改めましてボードで戦局を見ますと、この1か月ほどでウクライナは青い部分を奪還したわけですが、ロシア軍はなぜここまでウクライナ軍の反撃を許してしまったのでしょうか。

スタジオゲスト
山添 博史さん (防衛研究所)
ロシアの安全保障に詳しい

山添さん:
松村陸将からもお話しがあったように、ウクライナの作戦の"すごさ"というのはありますよね、やはりロシアが予期できていなかった。

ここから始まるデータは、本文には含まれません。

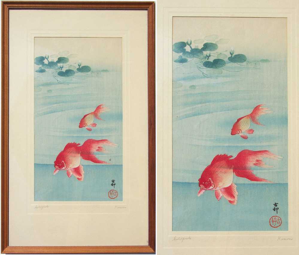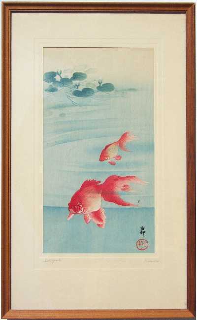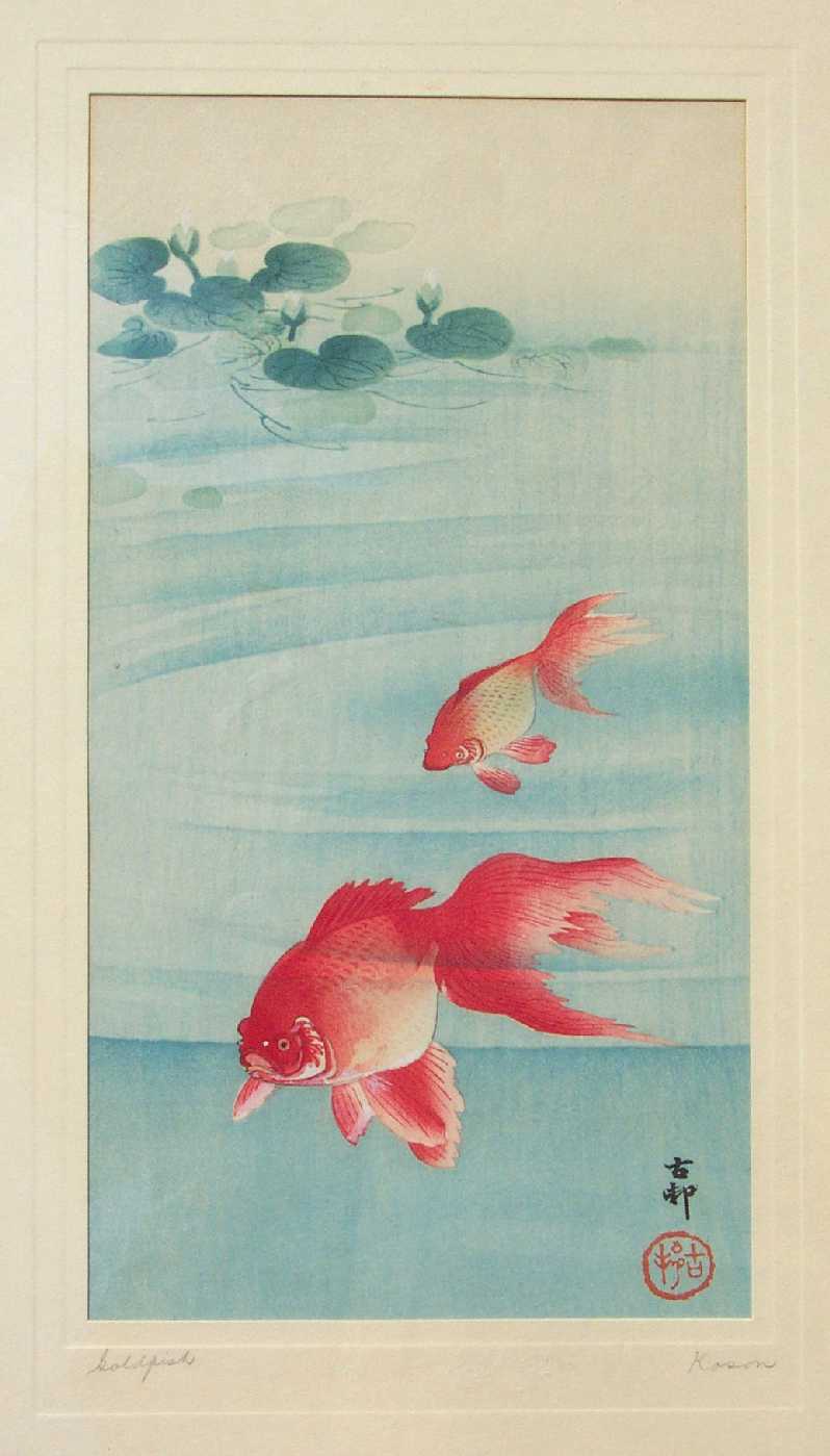 An uncatalouged Koson image of two reddish goldfish. Rarely seen. |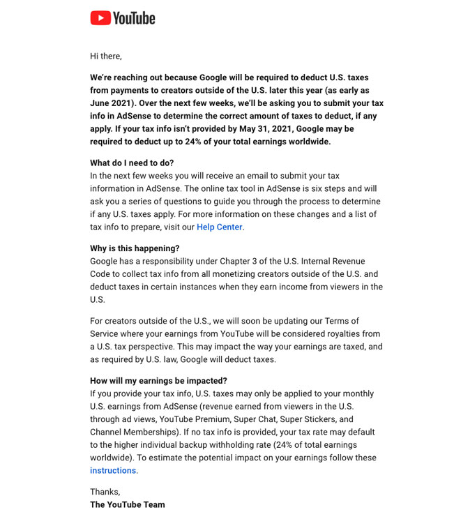 Mới đây, các kênh Youtube tại Việt Nam đã nhận được thông báo về chính sách thuế mới của chính phủ Mỹ. Chính sách thuế mới này khiến cho nhiều YouTuber tại Việt Nam không khỏi hoang mang.

ウクライナとロシアを対比すると、ウクライナ軍がNATO流の訓練を受けていたこともあり、各部隊がかなり自分の判断で動きやすくなっていた、指揮統制について強みがあった。逆にロシアは驚いて、対応しないといけなかったわけです。

桑子:
劣勢になっていると。

山添さん:
臨機応変の対応がしにくい、上からの命令を聞くしかできない指揮統制になっていたと思います。

桑子:
混乱する中で、命令系統がうまく成り立っていなかったのではないかと。

山添さん:
そうですね。

桑子:
そうした中で、ロシア軍は今「防衛ライン」というものを作っています。深い溝が掘られ、戦車の侵攻を阻む巨大なコンクリートを置いています。こういうものがある中で、今後戦局というのはどうなると見ていますか。

山添さん:
次の防衛ラインとして、ロシアがこの先に備えようとしているもので、これは人数を使って防衛しようというものだと思います。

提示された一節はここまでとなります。